Antwerp was not high on the list of places Hartwell Barclay would have desired to visit.
Especially tonight. It was miserably cold and a light rain had begun to fall. A storm appeared likely, and he did not relish what lay ahead—an underwater channel crossing beneath a turbulent sea.
He pulled his coat up tightly around his neck, walked across the street from the hotel, and lit a cigarette as best he could in this drizzle. They ought to have thought of some better signal.
Behind him a black stooped figure exited the same hotel he had just left.
An impulse caused Barclay to glance back.
What was that old woman there about? It couldn’t . . .
But it looked uncannily like the old hag he had seen in the train a day and a half ago. Come to think of it, he had seen a remarkably similar woman even before that . . . all the way back in Paris. It couldn’t possibly be the same woman, although . . .
As he looked, the striking similarity seemed more and more than could be accounted for by mere coincidence. What in blazes could she be doing in a first-class hotel like this!

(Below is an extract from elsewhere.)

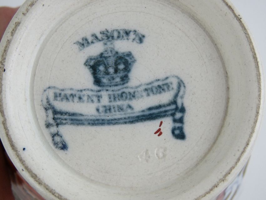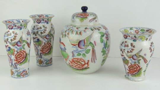 A Masons Ironstone open necked short vase, together with matching pair of tall vases and ginger jar en-suite. Four items.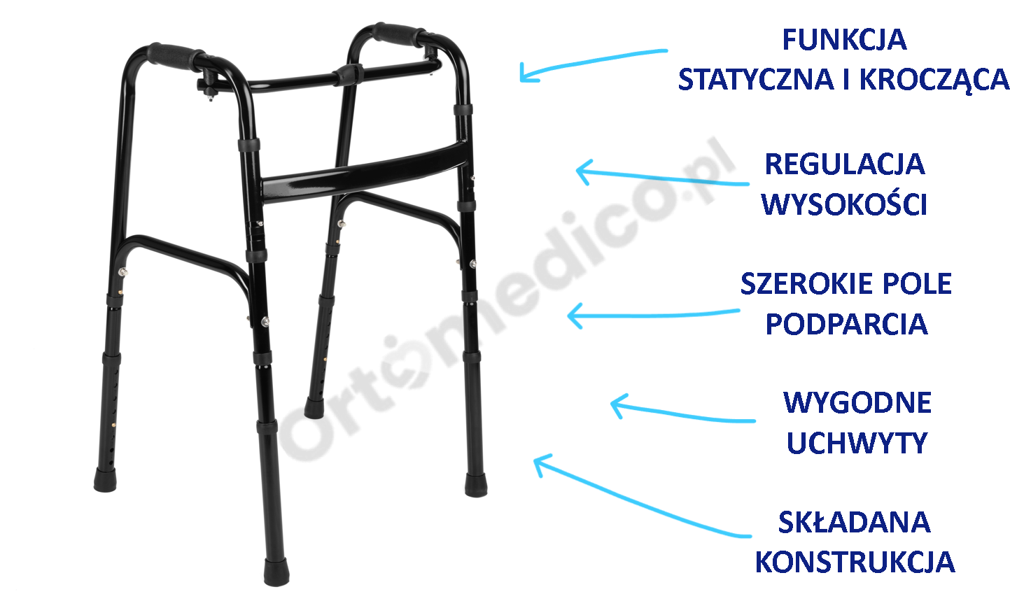 - Mechanizm "kroczący" pozwala na przesuwanie balkonika na zmianę z ruchem nóg, co ułatwia poruszanie się.

The sound of an automobile approaching interrupted his thoughts. He spun around. He had apparently been seen. There was no more use for the cigarette. He threw it into the street. The auto slowed and stopped in front of him. The back door opened. He got in, and the car sped off.
“I take it you are Barclay,” said a figure out of the blackness.
He nodded.
“I am Wolfrik. Are the arrangements made?”
“We will depart within the hour. Tell the driver to take us to the south harbor.”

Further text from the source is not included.